Sedangkan Pilgub DKI Jakarta putaran kedua tanggal 19 April 2017 Anies-Sandi menang dengan suara terbanyak 57, 53 % dan Ahok-Dijorat 42,47%. Kemenangan Anies-Sandi sudah sah namun, ada rekasi, pendapat dan tanggapan terhadap kemenangannya, enta dari luar negeri maupun dalam Negeri.
Pendapat Publik Atas Kekalahan Ahok
Pasca Pilgub DKI Jakarta 2017 Anies menang pertempuran dengan Ahok, sehingga ini menjadi perhatian Publik secara Nassional dan Internasional. Mengapa? Tentunya Ahok memiliki kepemimpinan dan juga sebagai tokoh yang tak kenal adanya korupsi di negeri ini.
Dari kebanyakan media dan Masyarakat sangat meinyinggung adanya sentimen politik yang dimainkan oleh Anies dalam agama, sehingga beberapa media asing menyinggung juga bagaimana Anies sebagaimana telah merangkul seluruh warga Jakarta untuk memilih berdasarkan Agama dominan di Jakarta. Hal ini juga, di publikasi lewat media di Negara Islam di Al Jazeera bahwa Ahok kalah sebab penistaan terhadap Agama dan Anies menang dengan Kampanye Agama terhadap Ahok.
Kekalahan Ahok dan Kemenangan Anies Baswedan, masyarakat, NGO dan media asing itu di kategorikan dalam sebuah perminan yang dikaitkan dengan permasalahan Agama, Ras dan suku. Seperti Ideologi Politik vs Ideologi Sembako yang di lansir di Media Republika
Dimana Kematangan Pendidikan Politik masyarakat Jakarta.
Dalam hal ini, saya sangat prihatin dengan proses demokratisasi yang sangat buruk di Indonesia ini, khususnya di Jakarta. Jakarta merupakan pusat dari Negara Indonesia dan Jakartalah yang memberi pemahaman negatif kepada seluruh Indonesia. Mengapa? Tentunya kita pelajari selama ini dalam proses PILGUB Jakarta bahwa kemandirian dalam memilih tak ada dan sangat lemah.

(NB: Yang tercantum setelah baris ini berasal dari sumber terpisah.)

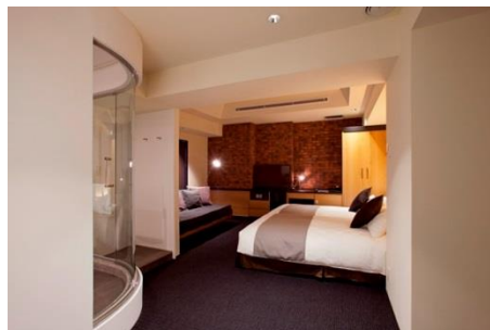
ラギットツイン(1室)

Dalam proses Demokratisasi di Indonesia yang sangat benar adalah dimana masyarakat bebas untuk memilih dan di Pilih, berdasarkan asas JURDIL dan LUBER. Itulah yang mana dasar untuk membentuk tulisan ini. Mengapa? Dalam pesta demokrasi yang terjadi di Jakarta sangat di arahkan secara feodal dan secara paksaan. Dan secara umum dikatakan bahwa adanya pemaksaan pemilih dalam sebuah ideologi.
Tergabung dan digabungkanya masyarakat kedalam Ideologi sangat disayangkan sebab, memperlambat terjadinya proses demokrasi yang demokratis. Dan hal ini, membuat masyarakat Jakarta menjadi penumpang yang di dayung 1 orang.
Dalam keadaan yang terguyung-guyug dalam berbagai Ideologi ini masyarakat merupakan ide secara demokratis untuk mandiri dalam pemilihan. Maksudnya bahwa mempelajari dengan saksama pemimpin yang baik dalam Debat politik, Kewibawaan, Pengalaman, dan kriterianya. Bukan kita pilih berdasarkan Ideologi apapun. Inilah yang kemudian di sebut Penyebab dari Lemahnya Kematangan Pendidikan Politik di Jakarta.